拝啓、元婚約者様 捨てた私のことはお構いなく
 ホークは何を言っているのかわからないと言いたげに、眉間に深いしわを寄せた。
 
 フィーヌの予想が正しければ、これから始まるのは彼女を陥れるために仕組まれた馬鹿げた演劇だ。ただ優秀だったが故にバナージから敵視されてこの場に巻き込まれたホークには、できるだけ迷惑をかけたくないと思った。

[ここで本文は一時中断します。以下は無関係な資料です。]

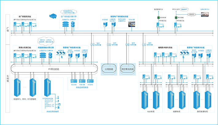 智能控制解决方案以智能化DCS为基础,融合数据分析、先进控制、人工智能等技术,采用智能检测、智能控制、高效运行等策略一体化软件实现火电厂高度自动。
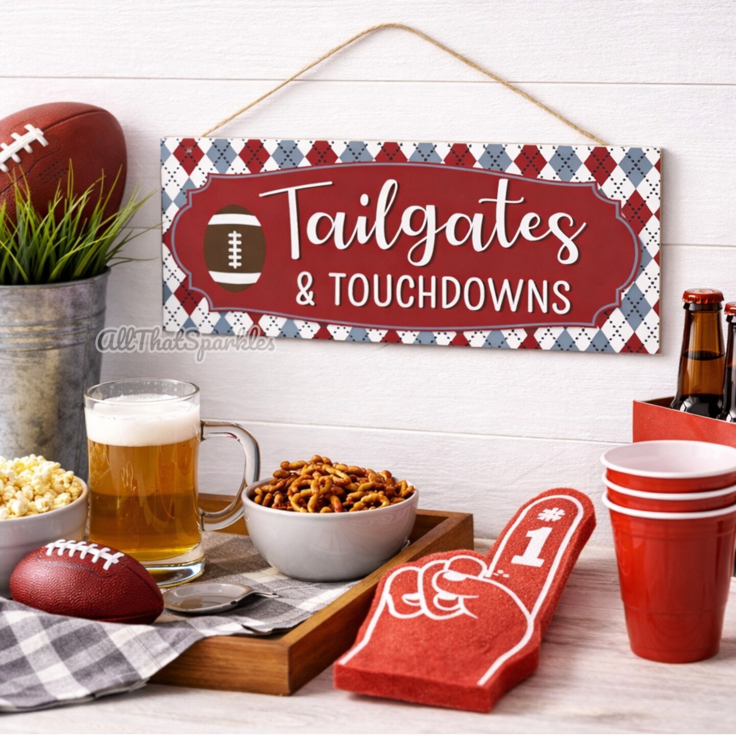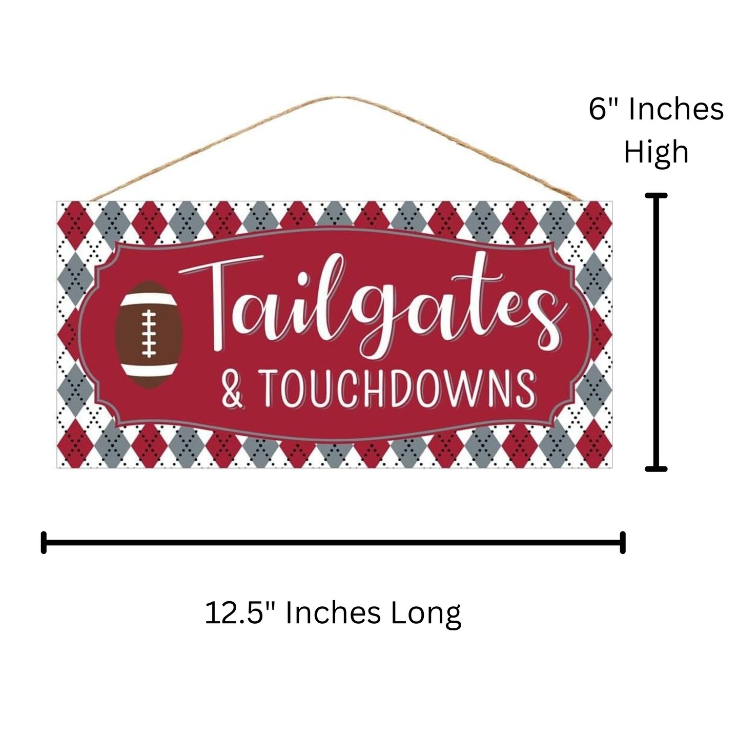Football Tailgates and Touchdowns Sports Sign, MDF Wood - Crimson Red, White, Grey, Multi, 12.5"L x 6"H - For Wreath Accents, Crafts, and Decorations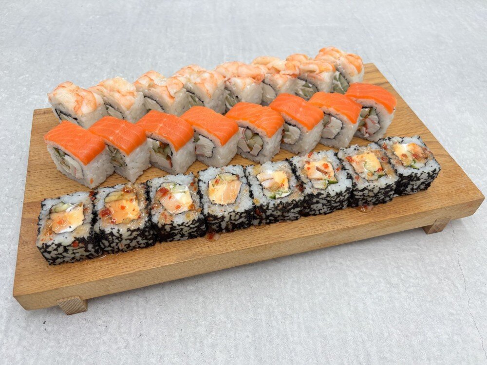 Чикен ролл (курица, сыр сливочный, огурец, соус сладкий чили), филадельфия эби (креветка, огурец, сыр сливочный), сайори (лосось с/с, краб (сурими), огурец, сыр сливочный), имбирь, васаби. 24 кусочка.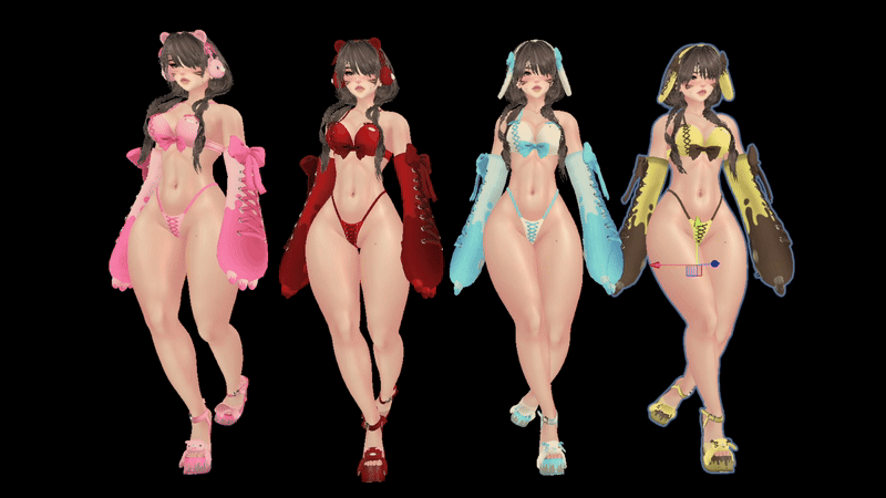 - Paw Bows, Earmuff Bows, Bunny ears, Bikini Bows, Bikini Tail, Heel paws/tail/ears are all rigged)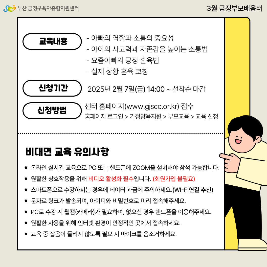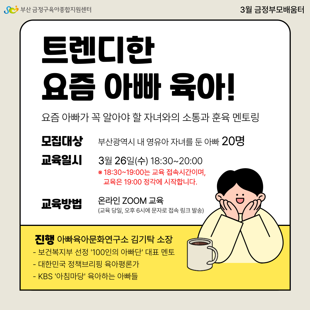 ○ 교육대상 : 부산광역시 내 영유아 자녀를 둔 아빠(선착순 20명)

 そのとき、ドアの向こうから複数の足音が聞こえてきた。「ここだ!」という声もする。

(来たわね)

 フィーヌはぎゅっとスカートの上の手を握る。
 
「誰か来たようだな」

 ホークも声に気付いたようで、立ち上がる。
 どんなに回しても開かなかったドアはいとも簡単に外側から開け放たれた。

「こんなところに男を連れ込んでこそこそといかがわしい行為をするとは、見損なったぞフィーヌ! こんなふしだらな女だったとは!」
 
 ビシッと右腕を水平に上げて、現れた人物──ここダイナー公爵家の嫡男であるバナージは、フィーヌを指さす。
 
(男を連れ込んだ? いかがわしい行為ですって?)

 その言葉、そのまま返してやりたいと思った。
 バナージはフィーヌがホークを誘惑してこの部屋に連れ込み、ただならぬ関係になったと主張しているが、かく言うバナージが随分前から浮気していることに気付いてないとでも思っているのだろうか。